Em seu lugar se mantêm palavras-chave como objetividade, metas, ideologia,
planejamento, definindo padrões de comportamento que ajustam e delimitam os
sujeitos, como já mencionado por Silva (2010) neste estudo.
A manutenção das culturas, ou pelo menos do que restou delas, estão nas
narrativas dos moradores rurais antigos, pois:
[...] sinto saudades do tempo, que debulhar uma espiga de milho, para
fazer fubá, ou moldar a taquara para montar balaios era uma diversão.
[...] na época de criança, nas férias de julho, a gente corria pro pasto,
para soltar pipa, feita com sacola de pão, pois ainda era novo para
trabalhar na roça (Fala do Aluísio, um antigo morador da zona
rural, 2015).
Entretanto, em vários momentos observamos que, quando as pessoas mais
antigas contavam as suas peripécias de criança os filhos e os parentes mais novos se
afastavam, sinalizando o sentimento de vergonha.
Santos (2008, p.66) faz um alerta, para nos atentarmos a transformação da
paisagem, pelas necessidades do mercado, culminando na sobreposição dos espaços e
das atividades humanas (cultura, infraestruturas) que compõem a herança de muitos
momentos. O período da modernidade é propício para entendermos como que a
mercantilização das coisas (inclusive da vida) deram (e dão) origem a diferentes
organizações sócio espaciais e, junto a elas novas formas de ser, pensar e agir no
espaço, o que dizemos se tratar de um processo de domesticação das culturas, para a
criação do sujeito dócil, da sociedade de seu tempo.
Os lugares rurais estão cada vez mais vazios. O êxodo rural, acentuado na
década de 60, impulsionou um expressivo fluxo migratório, no sentido campo-cidade e,
a partir daí se criou um novo modo de viver e de pensar. Àqueles, que modernizaram as
ideias e não os lugares colocaram as massas (pessoas) a margem do lucro, pois estes
135
apenas compram e consomem, alimentando o sistema. Morar no rural hoje tem sido
sinônimo de desamparo, seja diante das políticas públicas em seus diversos segmentos,
ou do desencantamento dos próprios moradores, que querem que seus filhos alcancem o
sucesso, a partir dos estudos e da vida urbana.

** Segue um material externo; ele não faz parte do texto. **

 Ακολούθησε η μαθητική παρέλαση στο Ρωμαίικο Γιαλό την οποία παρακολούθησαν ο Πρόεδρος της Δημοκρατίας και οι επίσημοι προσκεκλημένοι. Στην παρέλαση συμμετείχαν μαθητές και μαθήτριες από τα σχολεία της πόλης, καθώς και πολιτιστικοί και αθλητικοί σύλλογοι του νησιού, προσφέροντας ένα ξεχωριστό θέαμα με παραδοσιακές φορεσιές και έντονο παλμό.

Nas palavras dos moradores rurais mais antigos, o notório esvaziamento dos
povoados, vilas e comunidades se mostra nos dias de domingo, pois “[...] antigamente, a
capela costumava ficar cheia, para as missas, cortejos e festas” (Fala de um Morador
da Comunidade do Fé, 2016). Outro caso está na lavoura, quando os agricultores
trocavam dias de trabalho com o vizinho, para adiantar o plantio e a sua colheita, coisa
que são se vê mais. Naquela época, o pagamento se dava mediante a força de trabalho
do outro, ou de uma banda de porco, uma saca de milho, ou o empréstimo de uma junta
de bois, para transportar a colheita, por alguns dias. Para os rurais, o esvaziamento está
na falta de pessoas, que queiram lutar pela vida simples da roça, por saber que lá a luta
pela sobrevivência começa ao nascer do sol.

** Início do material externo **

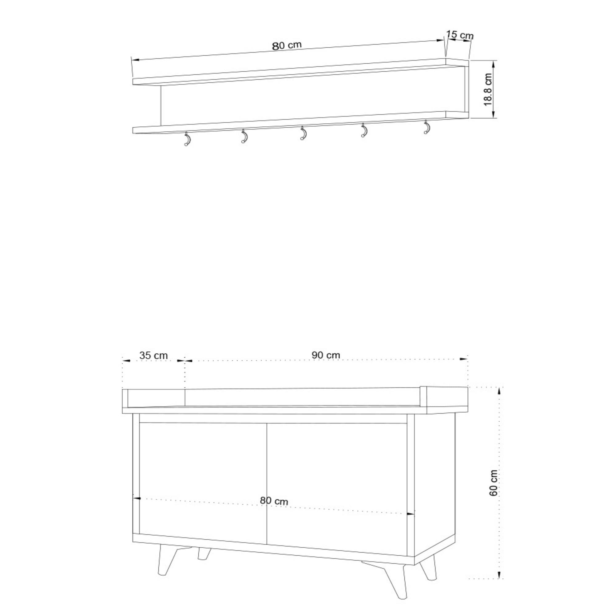 Na neveľkom priestore poskytne zázemie na odložené topánky, kabáty aj kabelky. Neutrálne farebné vyhotovenie v kombinácii s dekorom dreva pôsobí nerušivým dojmom a rozjasní aj menší vstupný priestor. Poskytne zázemie nielen odloženým kabátom a topánkam, ale ponúka aj miesto na sedenie pri obúvaní a priestor na odloženie kľúčov, kabeliek iných drobností, ktoré chcete mať pri odchode z domu po ruke. Skladá sa z lavice s odkladacím priestorom na topánky a police s háčikmi.

Quanto aos filhos, sobrinhos e netos desses anciões do rural, a diferença presente
nas escolas, muitas vezes tem se tornado um predicativo, para se destituir o sujeito pelo
seu modo de ser, sentir e viver, causando o seu silenciamento (SILVA, 2010). A
tolerância, ao invés do respeito, e a ausência de discussões pertinentes ao mundo
contemporâneo têm apagado lugares, pessoas e culturas. O distanciamento entre a
escola e o aluno, nem sempre se reduz ao local de moradia, como abordado neste
estudo, mas a questões de maior amplitude, no que diz respeito ao gênero, cor, etnia,
etc.; e sobretudo aos alunos da área urbana, que vivem sob condições desumanas.
Em visita às comunidades rurais, lugar de morada dos alunos de nossa
investigação, a nossa proposta foi aproximar espontaneamente do seu cotidiano,
permitindo que o modo rural de viver nos fosse apresentado pelos próprios alunos e
familiares. Em vista disto, defendemos que o fato da escola não reconhecer outros
modos de viver, que não sejam associados ao urbano e, negligenciar a
multiculturalidade torna-se contraditório, haja vista que a escola é de todos. A
homogeneização da escola e a padronização dos conteúdos é mais uma pista, de que
existe um longo caminho para que a escola alcance o aluno e não o contrário.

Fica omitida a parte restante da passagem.